After October 7th, the museum posted pro-Israel statements—a departure from the pre-October 7th era, in which the institution largely avoided discussing contemporary Israeli policies. They also began displaying the Israeli and American flags in the museum lobby last November “as a symbol of solidarity and heritage,” according to Simmons. At one staff meeting last fall, Kliger announced that the museum was adopting the International Holocaust Remembrance Alliance definition of antisemitism, which conflates anti-Zionism with anti-Jewish bigotry. (The definition is referenced in an FAQ for educators that the museum published last March.) This shift also modified the hate speech exhibit: Before its opening, the board directed museum staff to add in photographs of contemporary antisemitism that were not part of the original Houston exhibition. Those photos—displayed at the entrance to the exhibit—feature images of neo-Nazi rallies alongside images of pro-Palestinian demonstrators burning the Israeli flag and holding up a sign that used a swastika to depict the “s” in “Israel”—a move some former employees say risks conflating strident anti-Zionist activism with anti-Jewish bigotry. This seemed to reflect the personal views of at least one board member: In January 2024, Skyer gave an extemporaneous speech during a tour of an exhibition for members of the New York City Council, during which she referenced a pro-Palestine protest that day at City Hall. She gestured out the windows of the museum and said, “Hamas is right there,” according to two sources with direct knowledge of the incident. (Skyer did not respond to a request for comment on this anecdote.)

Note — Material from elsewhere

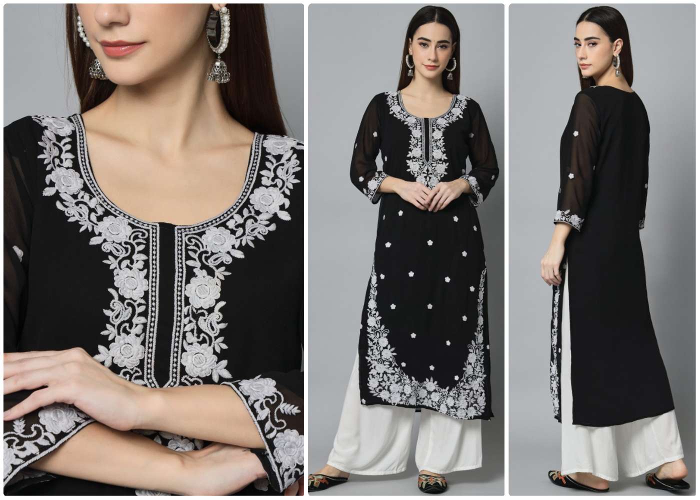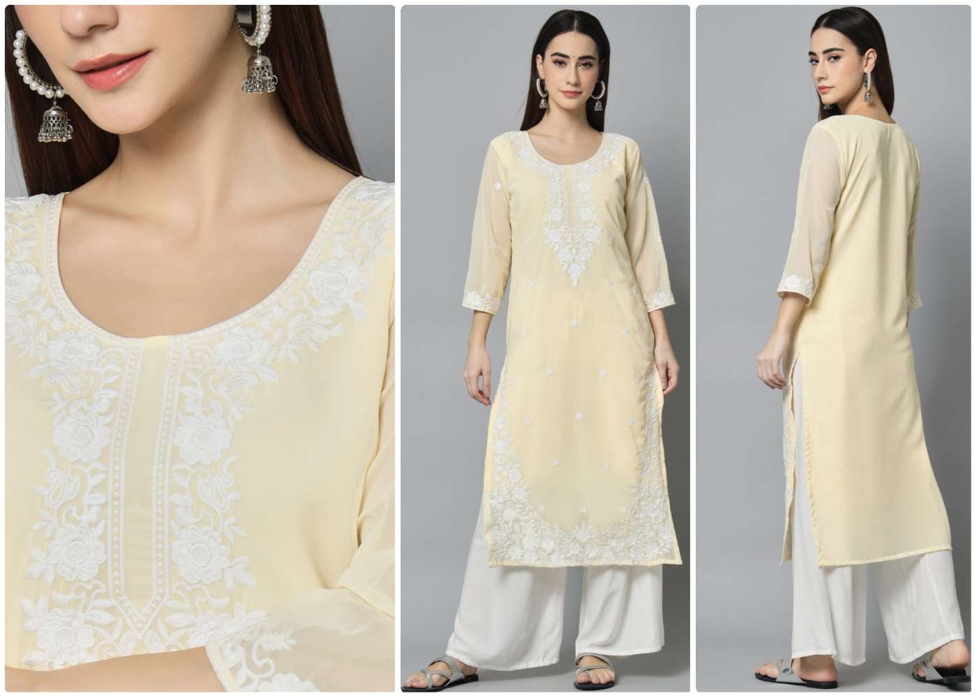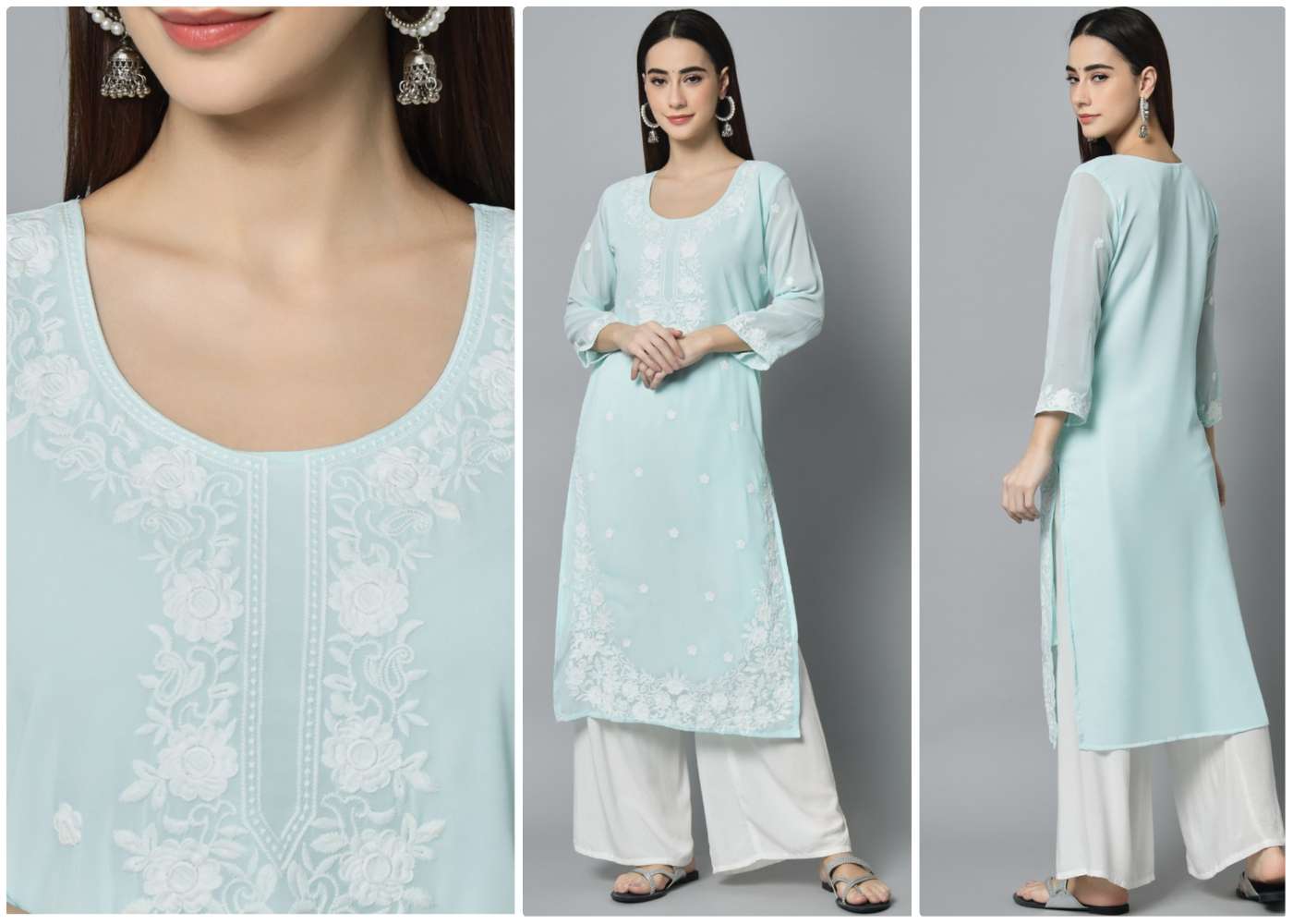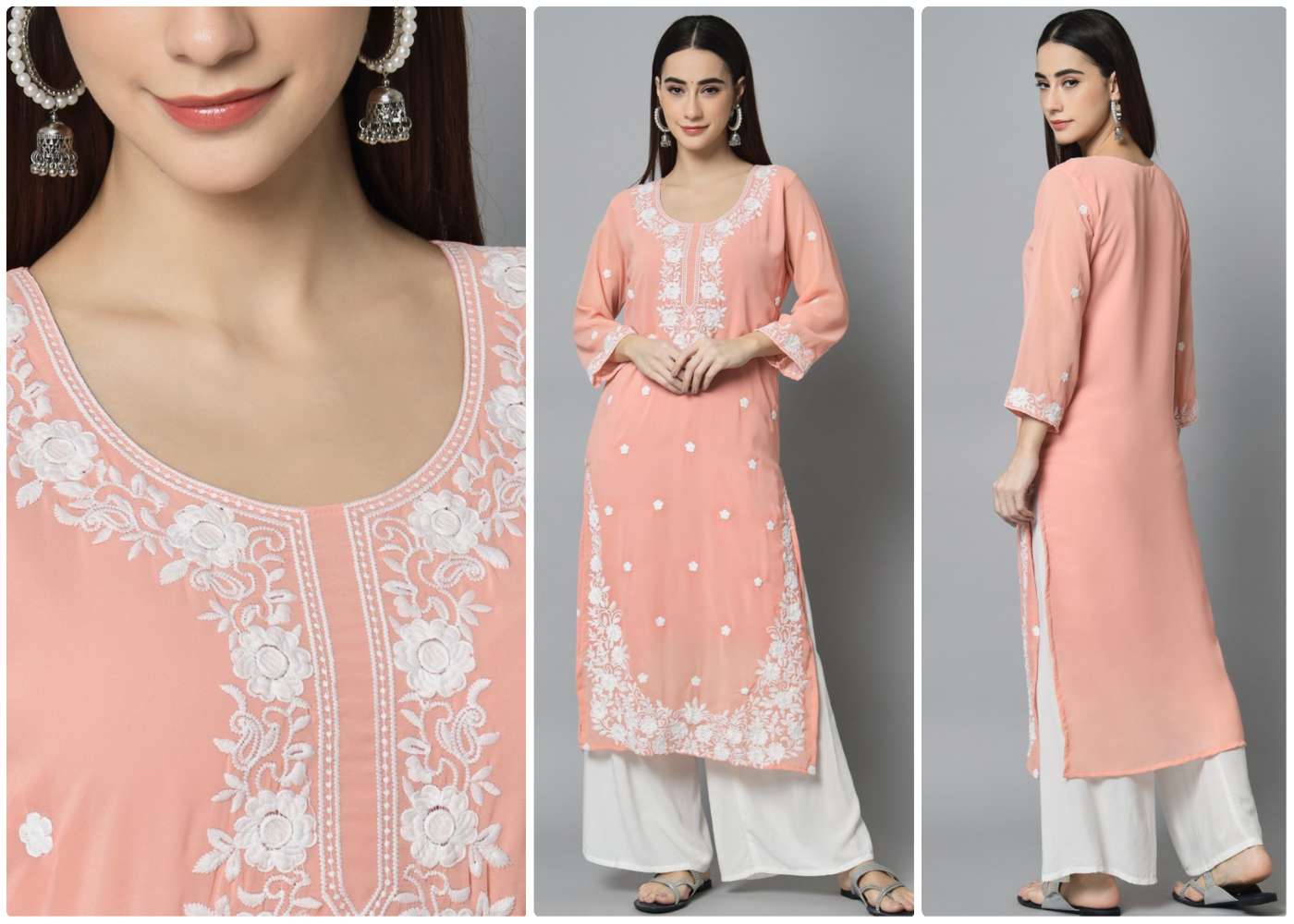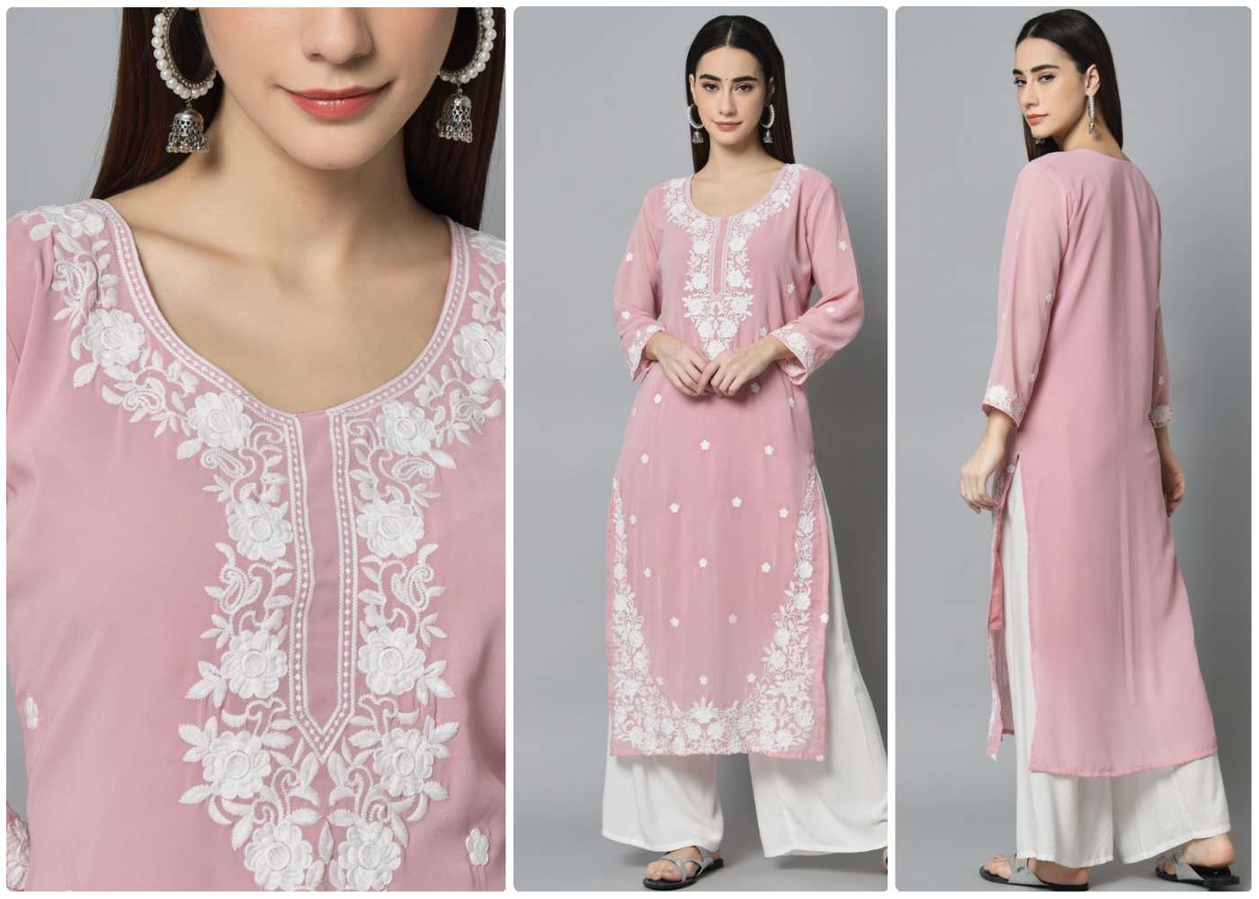 Gopala Georgette with crepe inner and Lucknowi Embroidery Work |

The museum has also hosted events that celebrated Israeli militarism or pushed for crackdowns on pro-Palestinian protests. Last November, the museum rented space to the American Friends of the Israel Navy Seals, a nonprofit that raises money for an elite Israeli naval commando unit. The event included large images of Israeli soldiers walking through the ruins of Gaza, which were still on display when museum-goers visited the next morning, according to two sources. In January 2025, the museum hosted a training for the New York Police Department, during which a pro-Israel nonprofit told officers that Palestinian symbols like the watermelon and the keffiyeh were antisemitic. Former employees say that in taking these actions, museum leadership is damaging the museum’s credibility as an educational space about the Holocaust for all New Yorkers—and particularly for the thousands of public school students who go to the museum every year. “The museum’s unquestioning support of Israel and its government—which has been perpetrating its own genocide against Palestinians—undermines and erodes the power of the institution’s mission and the community’s understanding of what the lessons of the Holocaust should be,” said the former marketing employee. Simmons rejected the suggestion that the museum had been politicized. “To suggest that the museum has aligned itself with a political agenda is not only unfounded, it’s also dismissive of the professionalism and dedication of our staff and educators,” he said.

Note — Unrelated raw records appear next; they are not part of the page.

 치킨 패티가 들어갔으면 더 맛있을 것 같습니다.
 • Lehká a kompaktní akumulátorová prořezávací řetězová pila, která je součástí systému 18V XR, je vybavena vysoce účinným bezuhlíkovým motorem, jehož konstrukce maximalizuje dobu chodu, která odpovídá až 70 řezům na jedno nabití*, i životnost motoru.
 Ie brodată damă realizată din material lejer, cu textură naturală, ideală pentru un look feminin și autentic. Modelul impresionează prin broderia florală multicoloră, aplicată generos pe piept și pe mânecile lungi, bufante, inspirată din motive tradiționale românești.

The private grumblings among museum staffers turned into an organized show of dissent last December, when 14 museum staffers sent a collective letter, obtained by Jewish Currents, to the president and the board expressing their dismay at the continued display of the Israeli and American flags in the museum lobby. They wrote that the flags “[signify] an endorsement of Israeli politics” and that they were “concerned that flags at the entrance may alienate visitors who are interested in learning about the Holocaust and the Jewish people, but who may not agree with current Israeli or American political leaders and policies.” They ended the letter by requesting that the flags be removed. The board and the president never responded to the staffers, and the flags still remain.